These delays lead to more frequent and severe complications. Cardiovascular disease, nephropathy, and other diabetes-linked conditions are disproportionately high among South Asian
Abdominal obesity combined with sedentary lifestyles is fuelling an earlier and more aggressive risk of type 2 diabetes among South Asians, including Indians, a new study has revealed.
Published in the BMJ, the research explored why South Asians tend to develop type 2 diabetes at a younger average age and at lower body mass index (BMI) compared with white populations.
“South Asians face type 2 diabetes earlier and more aggressively than most other populations. Our review shows that diabetes often begins at lower body weight, progresses rapidly, and leads to more complications such as kidney disease and heart attacks,” said Dr. Anoop Misra, Director of Diabetes Foundation (India), who led the study.
The work, conducted in collaboration with researchers from the US, UK, and Sri Lanka, found high prevalence rates of diabetes across the region, with a concerning increase in cases among young people.
Researchers highlighted environmental influences — including sedentary behaviour and growing consumption of processed foods — as major contributors to weight gain and metabolic disruption. This is especially dangerous in South Asians, who typically display higher abdominal obesity, greater ectopic fat accumulation (particularly liver fat), and lower skeletal muscle mass compared to white people of similar age and BMI.

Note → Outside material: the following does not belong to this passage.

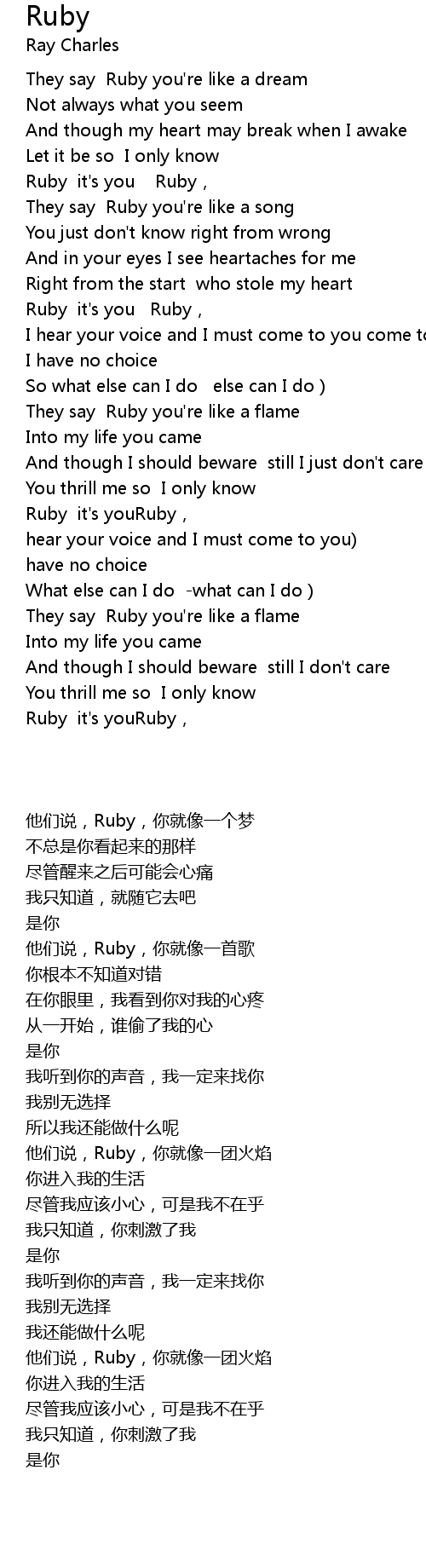 | [00:52.53] | They say Ruby you're like a song |

“These features, coupled with rapid beta cell dysfunction, contribute to earlier onset and accelerated glycemia progression — meaning higher overall blood sugar levels than white people,” the study noted. This accelerates complications including retinopathy, cardiovascular disease, and chronic kidney disease.
Importantly, the analysis — based on randomised controlled trials, systematic reviews, and meta-analyses — also found South Asians exhibit higher postprandial glucose (after-meal blood sugar) levels and a faster transition from prediabetes to diabetes. Lifestyle factors such as high intake of refined carbohydrates and low levels of physical activity amplify these risks.
“Prevention through healthy diet, physical activity, and weight control is critical, and instituted early,” Dr. Misra, former Professor at AIIMS, told.
He stressed that timely intervention is vital but acknowledged systemic barriers: “Access to affordable care remains a huge challenge. Delayed diagnosis is common due to limited awareness and healthcare availability, especially in underserved populations.”
These delays lead to more frequent and severe complications. Cardiovascular disease, nephropathy, and other diabetes-linked conditions are disproportionately high among South Asians.
The researchers emphasised the need for targeted strategies — including affordable care models, innovative healthcare solutions, and population-wide preventive interventions — to reduce the growing burden.
“Efforts must prioritise strengthening healthcare systems, making treatments accessible, and promoting healthier lifestyles at the population level,” the authors concluded.
With South Asia at the epicentre of the global diabetes epidemic, the findings underline the urgency of addressing this escalating public health crisis before it claims an even larger toll.